Ce guide explique pourquoi la physique ne le permet pas, ce qu'en ont dit les autorités, comment reconnaître une fausse application, et à quoi une application de tension artérielle sert vraiment et utilement, parce que cette partie-là, elle, est bien réelle.

Pourquoi un téléphone seul ne peut pas mesurer la tension artérielle

La tension artérielle est une force.
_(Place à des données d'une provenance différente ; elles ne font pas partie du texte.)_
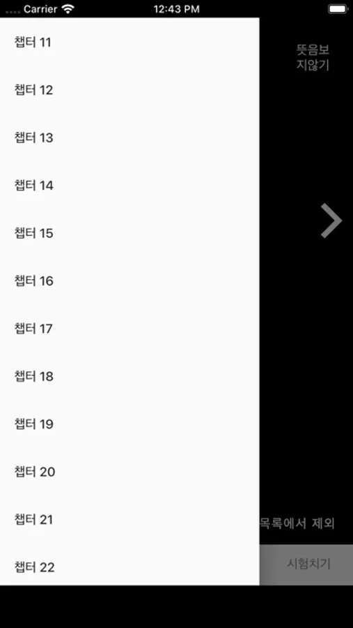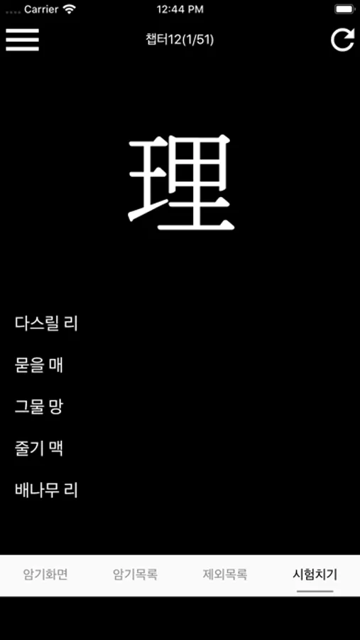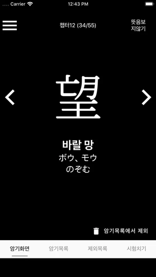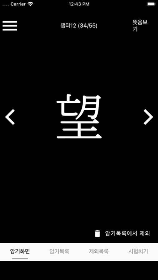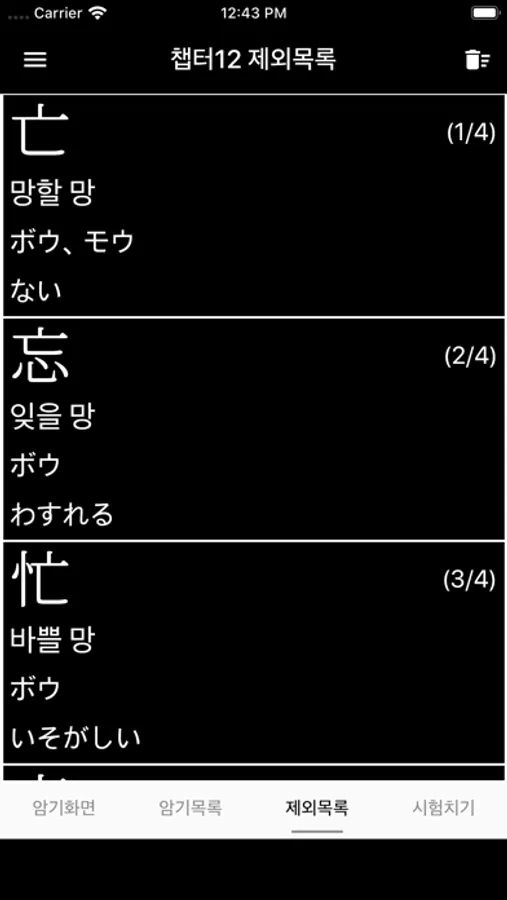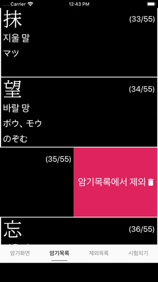 목록에서 아이템을 왼쪽으로 밀면 해당 목록에서 제외되고 암기 화면은 암기목록의 한자들이 표시됩니다.

Toutes les façons de la mesurer, de la colonne de mercure à votre tensiomètre automatique, consistent à opposer à cette force une pression connue et à détecter le moment où le sang cesse ou recommence de circuler. Le brassard n'est pas un choix d'emballage : c'est l'instrument de mesure.

Un téléphone appuyé sur un bout de doigt n'a aucun moyen d'appliquer ni de percevoir une contre-pression connue. Ce que la caméra voit, c'est un photopléthysmogramme : la lumière qui traverse votre doigt s'éclaircit et s'assombrit à chaque battement. Ce signal contient bel et bien une fréquence cardiaque, et il porte une part d'information sur la forme de votre onde de pouls. Ce qu'il ne contient pas, c'est une échelle : rien n'indique au téléphone si cette courbe appartient à quelqu'un à 110/70 ou à 160/95.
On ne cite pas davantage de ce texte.